AWS Chatbot helps teams to collaborate and respond to events faster by enabling monitoring, troubleshooting and operating AWS resources from customer’s chat channels. AWS Chatbot is an interactive agent that makes it easy to set up ChatOps for AWS in Microsoft TeamsSlack channels or Amazon Chime chatrooms. With AWS Chatbot, customers can receive alerts, retrieve diagnostic information, configure AWS resources and resolve incidents from their chat channels, enabling them to reduce incident management response times for container workloads.

In this post, we will discuss how to monitor and operate container workloads running on Amazon Elastic Container Service (Amazon ECS) from Slack.

Introduction

Assume you are part of the DevOps team, rolling out a new containerized application that will run on Amazon ECS. You have configured Amazon ECS service auto-scaling based on initial traffic projections. You want to be alerted on any unexpected traffic spike impacting application performance and be able to remediate the issue quickly.

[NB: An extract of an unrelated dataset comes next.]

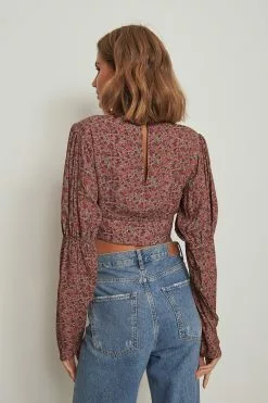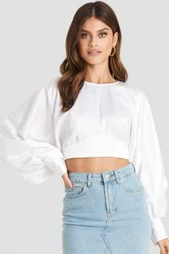 NA-KD Party Balloon Sleeve Open Back Blouse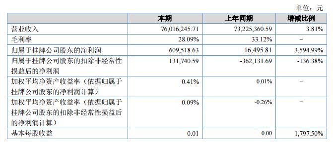 報(bào)告期內(nèi),公司全年實(shí)現(xiàn)營(yíng)業(yè)收入76,016,245.71元,比上年同期提升3.81%;利潤(rùn)總額440,286.29元,而上年同期為負(fù)值;歸屬母公司股東的凈利潤(rùn)609,518.63元,比上年同期提升3594.99%。?

First, we will deploy a simple containerized web application to Amazon ECS. We will then setup an Amazon CloudWatch alarm to notify you in the Slack channel when the average CPU utilization exceeds a configured limit. We will then remediate the issue by updating the autoscaling configuration by running AWS CLI commands from the Slack channel.

Architecture

Figure 1 below illustrates a high-level flow for receiving notifications:

  • Amazon CloudWatch Alarm triggers when average CPU utilization of Amazon ECS tasks exceeds 70%.
  • Amazon CloudWatch Alarm sends the notification to Amazon SNS.
  • AWS Chatbot processes the notification from Amazon SNS and sends them to Slack.

Diagram showing Notification flow from Amazon ECS workloads

Figure 1: Notification Flow

Figure 2 below illustrates how the remediation flow works:

  • User sends AWS CLI command from the Slack channel.
  • AWS Chatbot runs the command using the associated channel IAM role and returns the response to Slack.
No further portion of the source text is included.